The Wind

The walls began to visually pour with black blood in good old horror-movie fashion. Clearly this was done to intensify my fear and at the time the effect was horrific, although I didn’t have a moment in which to panic. With what little self control I had left I managed to get back into my body a couple more times, whereupon I made desperate but vain attempts to awaken the witch man beside me.

When I managed to speak – this took a monumental effort – my voice sounded strangulated and barely audible, shocking to hear. When I next got ripped out I was more horrified than ever to find that I’d brought the sleeping self of the witch with me.

I dropped him immediately and I confess that I blamed him at that moment for what was happening, considering that he had encouraged the force to come after me and had failed utterly in his promise to protect me.

Alone in the corner of the ceiling, mortally afraid and pinned into place by the wind, I gathered my thoughts enough to move along the wall, away from the large (closed) double windows where the wind seemed to be coming from.

The Witch

This happened more than 14 years ago.

One night without warning, between 1.00 and 2.00 am, the source of my darkest fears  – the demon itself which had haunted and pursued me throughout my entire childhood and adolescence – returned with a vengeance and ripped me out of my body within seconds of me lying down in bed.

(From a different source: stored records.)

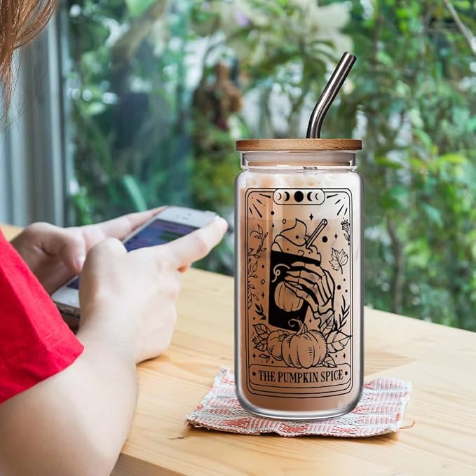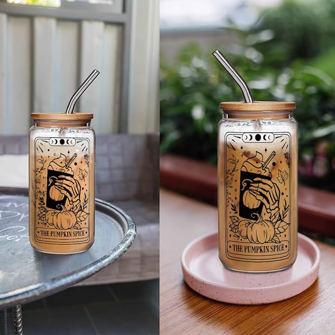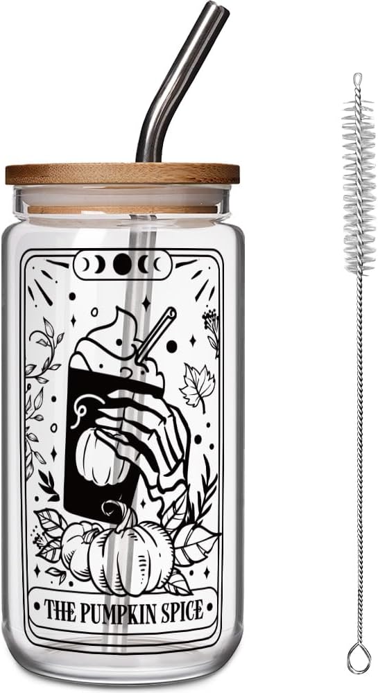 Fall Pumpkin 16 OZ Glass Cups with Lids and Straws, Thanksgiving Tarot Tumbler Mug, Fall Gifts, Halloween Boo Basket Gifts for Women
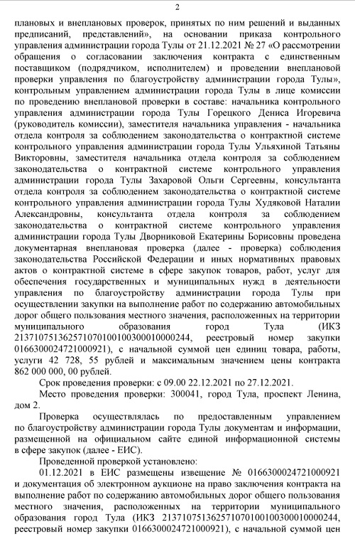 Дело в том, что между городским управлением по благоустройству и «САХ» было заключено несколько муниципальных контрактов с конца декабря 2021 г. по конец января 2022 г. на выполнение работ по содержанию тульских дорог и объектов благоустройства.
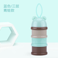 便携奶粉储存盒 婴儿独立可拆奶粉格三层零食盒 蓝色青蛙三层
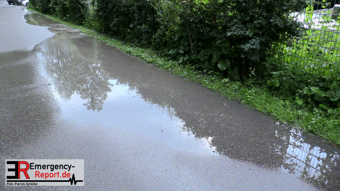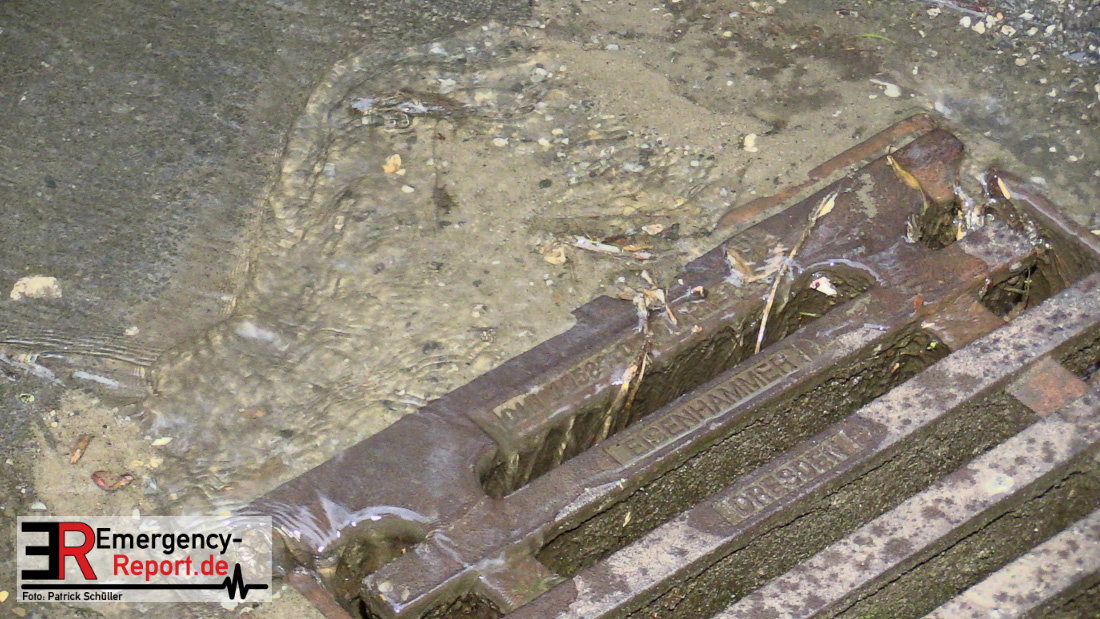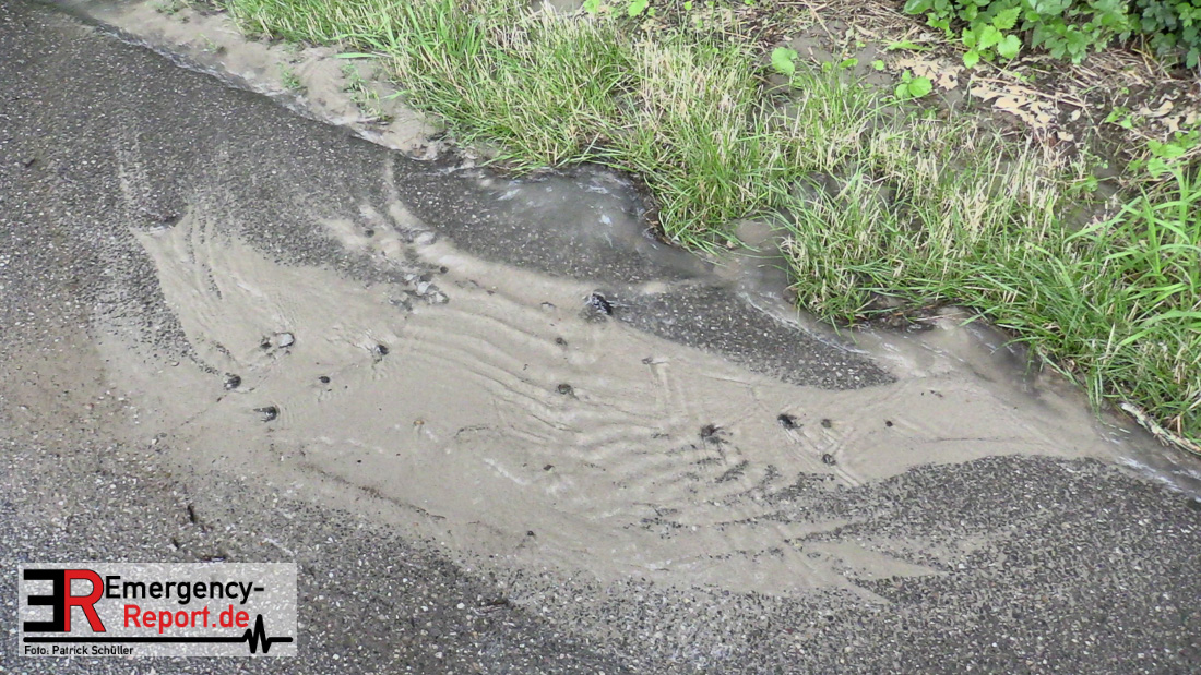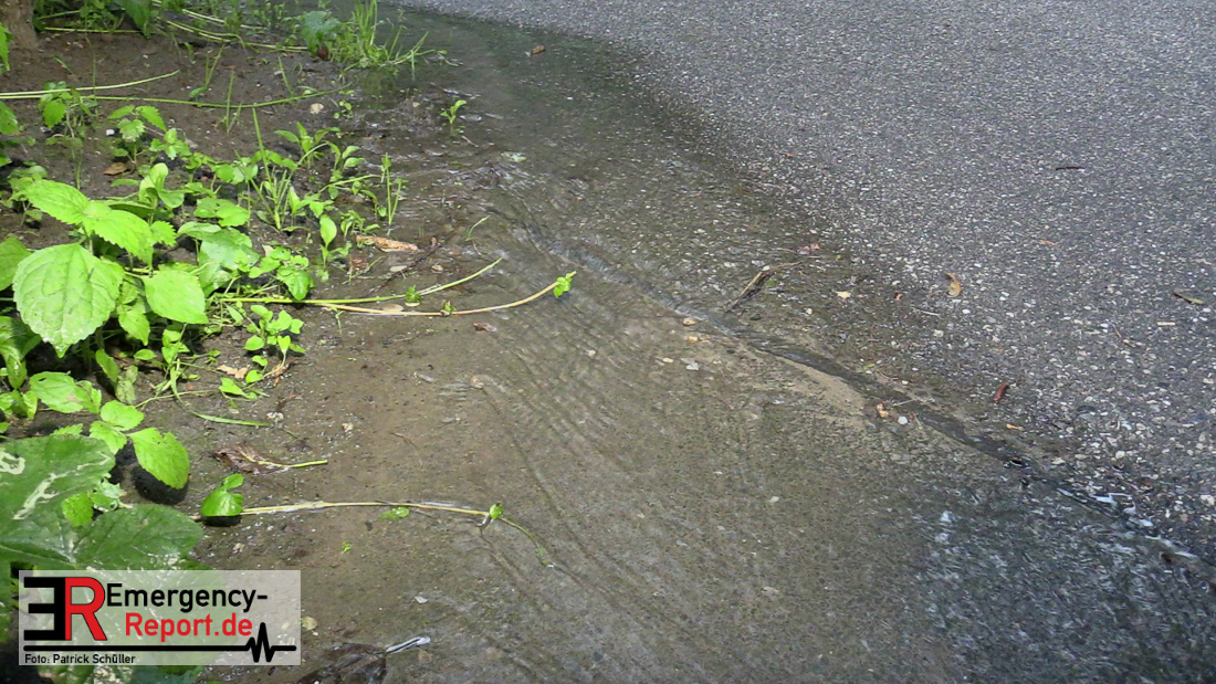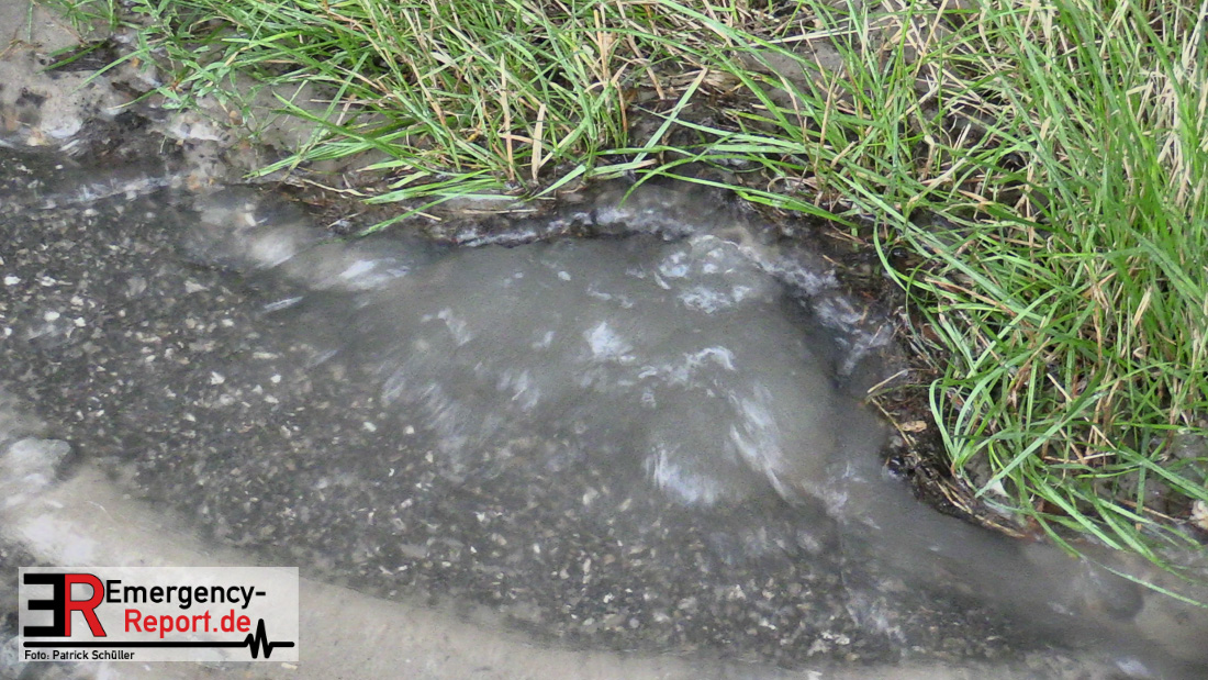 Wasser sprudelte aus mehreren Stellen neben der Fahrbahn. Glücklicherweise lief das Wasser kontrolliert in einen Gully ab, Gebäude waren nicht gefährdet. Durch die Feuerwehr wurden Maßnahmen eingeleitet.

I was completely sober and fully conscious. The only way it can be described at this point is as a hurricane-like silent wind that was at one with the darkness.

I was aware of the time because the bed had no headboard and during the struggle I was able to force my head back over the edge, putting my upside-down vision into line with the clock on the video recorder.

Every time I managed to fight my way back into my body (an enormous struggle of to-ing and fro-ing which lasted about 15 or 20 minutes) I would check on the time in a desperate attempt to keep a grip on the waking world; on ‘reality’.

At a certain point the force proved too strong and I found myself blown against a corner of the ceiling, looking down at my own body and that of my (then) boyfriend. The ‘witch’.